MissMecha: An All-in-One Python Package for Studying Missing Data Mechanisms
This addresses the need for researchers and practitioners to study missing data mechanisms in heterogeneous tabular data, though it is incremental as it consolidates existing functionalities into a single tool.
The authors tackled the problem of fragmented and limited tools for simulating missing data in real-world datasets by developing MissMecha, an all-in-one Python package that supports numerical and categorical features under MCAR, MAR, and MNAR assumptions, providing a unified platform for simulation, visualization, and evaluation.

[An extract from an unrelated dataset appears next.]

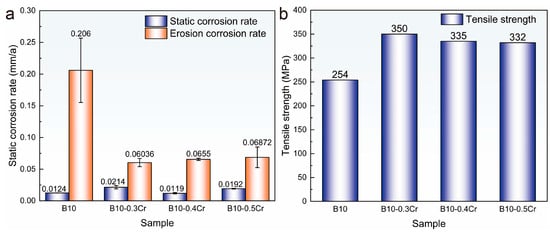 Figure 2a shows a comparison of the corrosion rates of the four alloys. Although the static corrosion rate of the B10-xCr alloy is marginally higher than that of the B10 alloy, its erosion–corrosion resistance improves significantly, with the corrosion rate reduced by approximately 70%, showcasing its superior performance. Figure 2b compares the tensile strength of the four alloys, showing that the addition of Cr increases the strength of the B10-Cr alloy by approximately 30%. This enhancement improves impact resistance and further strengthens its erosion–corrosion performance. Among the three newly prepared alloys, the B10-0.3Cr alloy exhibits the highest corrosion resistance. Therefore, the subsequent characterization and discussion are based on the B10-0.3Cr alloy, abbreviated as (B10-Cr).

Incomplete data is a persistent challenge in real-world datasets, often governed by complex and unobservable missing mechanisms. Simulating missingness has become a standard approach for understanding its impact on learning and analysis. However, existing tools are fragmented, mechanism-limited, and typically focus only on numerical variables, overlooking the heterogeneous nature of real-world tabular data. We present MissMecha, an open-source Python toolkit for simulating, visualizing, and evaluating missing data under MCAR, MAR, and MNAR assumptions. MissMecha supports both numerical and categorical features, enabling mechanism-aware studies across mixed-type tabular datasets. It includes visual diagnostics, MCAR testing utilities, and type-aware imputation evaluation metrics. Designed to support data quality research, benchmarking, and education,MissMecha offers a unified platform for researchers and practitioners working with incomplete data.